Sunday, December 31, 2023

Holy Family - B: Submission: Being under the mission

 Friends

Peace be with you. 

I’m guessing some of you are, once again, surprised, maybe even a little disappointed, that I didn’t use the short version of the second reading. And, let me allay the fears of the women and, possibly the hopes of some of the men, that I’m not going to use St. Paul’s Letter to the Collosians to outline a misogynistic view of the world where women, as the philosopher Simone de Bouvier said, are considered the second sex. I’m sure most other priests did have the lector read the shorter form and/or are probably avoiding talking about the reading. But I think, if we do that, we not only contribute to any misunderstandings or abuse surrounding this passage but we miss out on what is really meant to be more of a challenge to the mindset of men, possibly even more so in today’s world than at the time of St. Paul. So, at the risk of neglecting the gospel and first reading, let’s look at that second reading for today’s Mass and let it teach us what a holy family should look like. 

First and foremost, St. Paul paints a general picture of what the life of virtue should look like for all who call themselves Christian. It’s worth taking a day to reflect on the whole paragraph but especially “heartfelt compassion, kindness, humility, gentleness, and patience, bearing with one another and forgiving one another”. We may want to ask ourselves what role each of these virtues play in our lives. He starts by being inclusive of everyone and then moves into some specific advice to families. 

It’s at this point that things get…controversial. Some people look at this second paragraph and say that it’s representative of an outmoded view of life, of a time when the man was in charge of the family and the woman was seen as little better than property. They say that it reminds them of when we used to use terms like “women’s work”. They point to the word submission and shake their heads picturing a woman barefoot and pregnant doing all the housework like cooking and cleaning and raising the children while the husband goes to work and mows the lawn and changes the light bulbs. I’d like to suggest we take another look at this reading starting with a better viewpoint, with the help of a theologian named Dr. Peter Kreeft. By the way, you can get the book that I’m basing this homily on in our bookstore and it’s called “Food for the Soul” by Dr. Peter Kreeft. 

First, even though St. Paul only says wives should be submissive to husbands in this passage, in Ephesians, he starts by saying that everyone should be submissive to everyone out of reverence for Christ. So, it’s meant to grow out of an overall sense of mutual submission to one another that marks the Christian community.

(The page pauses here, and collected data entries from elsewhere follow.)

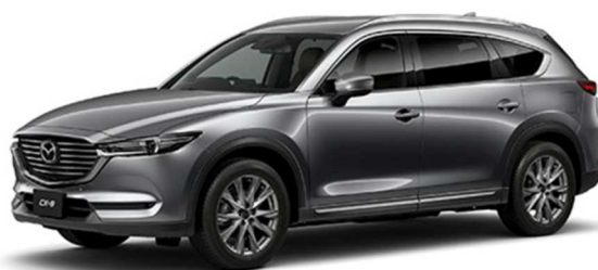
「マツダCX-8」(XD L Package)

新型『マツダ CX-8』は、30代から40代を中心に、幅広いお客さまからご支持をいただいています。お客様の声としては、「多人数乗車を可能としながら、かっこよさを感じる」「乗り心地の良さや静粛性は想像以上」や、「3列目は座り心地も広さも十分」など。加えて、マツダの先進技術「i-ACTIVSENSE(アイ・アクティブセンス)*2」を標準装備化し、経済産業省、国土交通省などが普及啓発を推進する「安全運転サポート車」の「サポカーS・ワイド」*3に全機種が該当していることに対しても、ご支持をいただいています。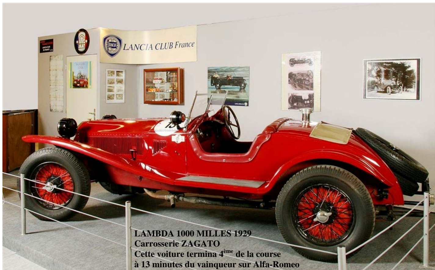
LAMBDA 1000 MILLES 1929 Carrosserie ZAGATO Cette voiture termina 4 ème de la course à 13 minutes du vainqueur sur Alfa-Romeo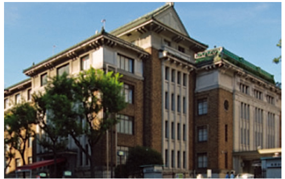
[그림 5] 군인회관(小野武雄, 1934)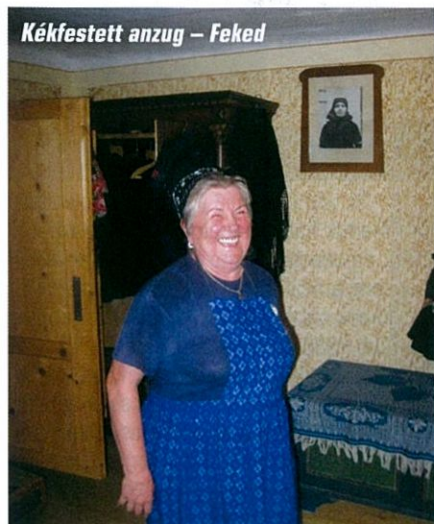
Kékfestett anzug – Feked

Ahogy múltak a percek, lett egyre személyesebb a beszélgetés. Úgy kerültek a tárgyak köré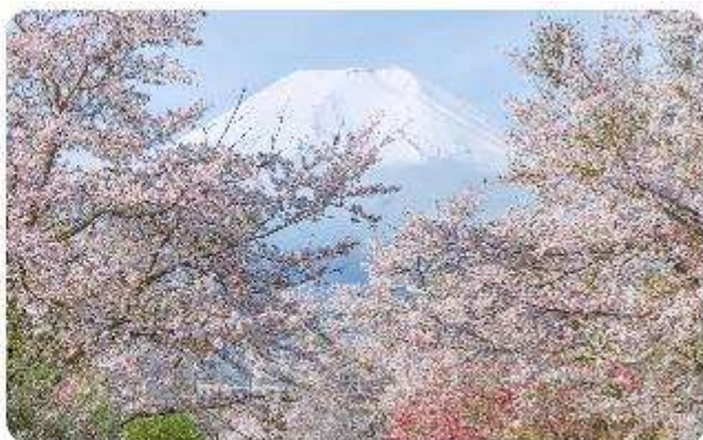
หมู่บ้านน้ำใสโอชิโนะ อักโก

โอชิโนะ อักโก หรือ ที่รู้จักกันในชื่อ หมู่บ้านน้ำใส ความงามแห่งธรรมชาติและวัฒนธรรมที่ ซ่อนอยู่ใต้ภูเขาไฟฟูจิโอชิโนะ อักโก ตั้งอยู่ในหมู่บ้านโอชิโนะ จังหวัดยามานาชิ ประเทศญี่ปุ่น เป็นแหล่งน้ำธรรมชาติที่มีชื่อเสียง ประกอบด้วยบ่อน้ำใสสะอาดทั้งแปดแห่ง ซึ่งน้ำในบ่อเหล่านี้เกิด จากการละลายของหิมะและน้ำแข็งจากภูเขาไฟฟูจิ น้ำที่ไหลลงมานั้นได้ถูกกรองผ่านชั้นหินภูเขาไฟ เป็นเวลาหลายปี จนทำให้น้ำในบ่อมีความบริสุทธิ์และใสจนเห็นถึงก้นบ่อ ไม่เพียงแต่ความงามของ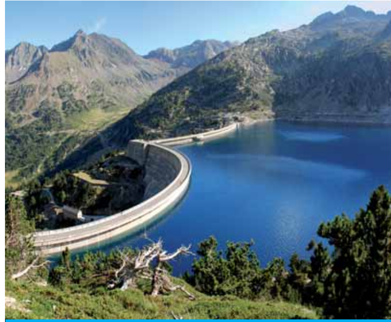
Lago artificiale di Cap-de-Long (Francia)

Oggi, questa risorsa richiede più attenzioni che mai. Se da un lato, infatti, è vero che viviamo su un pianeta la cui superficie è per la maggior parte coperta da acqua, dall'altro è vero anche che l'acqua dolce, di cui abbiamo quotidianamente bisogno, ne costituisce solo il 2,5%. Di questa, la maggior parte è inutilizzabile perché racchiusa nelle calotte polari e nei ghiacciai o perché sotto forma di neve o vapore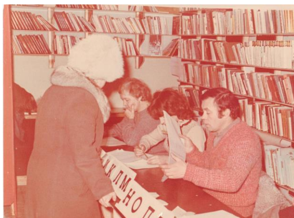
ФД. Оп.1. Д.177. Л.1 Члены участковой избирательной комиссии во время регистрации избирателей на выборах в местные Советы народных депутатов на избирательном участке, расположенном в помещении библиотеки Когалымского горкома КПСС, 1985 год.

40 лет назад (1983) была создана организация ветеранов войны (ныне – Городская общественная организация ветеранов (пенсионеров) войны, труда, Вооруженных Сил и правоохранительных органов).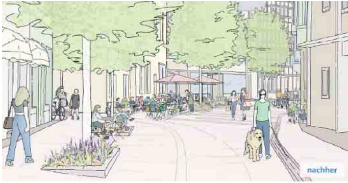
...vielseitigen, barrierefreien und historischen Umgestaltung weichen.

Dr. Kreeft goes on to point out that a husband is meant to love his wife and avoid any bitterness toward her. Again, he points to the passage in Ephesians where it says that a husband must love his wife like Christ loved the Church. I’d like to suggest that this is actually more of a radical submission than the wife is called to do. Christ loved the Church by dying for her, by giving up his life, by submitting his will to her will. After all, as Dr. Kreeft points out, submission means being “under the mission of” so this submission isn’t a kind of fear of violence or a kind of blind obedience. Soldiers are submissive to their superiors when they charge into battle. Being submissive means having a mission in mind and following it. Dr. Kreeft had this great quote, “There are two possible motives for getting married: to get happiness or to give it. If the motive of either or both is to get it rather than to give it, the odds are that the marriage will fail. If the motive of both is to give it, it will almost certainly succeed”. 

You see, I think in both Ephesians and in today’s reading from Colossians, St. Paul wasn’t advocating husbands dominating their wives. Far from it! I think he was saying that a family has a mission and it’s important that both husbands and wives have that mission in mind. The mission can be easily stated as to get the other person and all their children to heaven. That is our ultimate happiness, after all, to be with God in heaven.

Do we live our life as though the only thing that matters is getting myself into heaven or do we see our mission to get our holy family in heaven?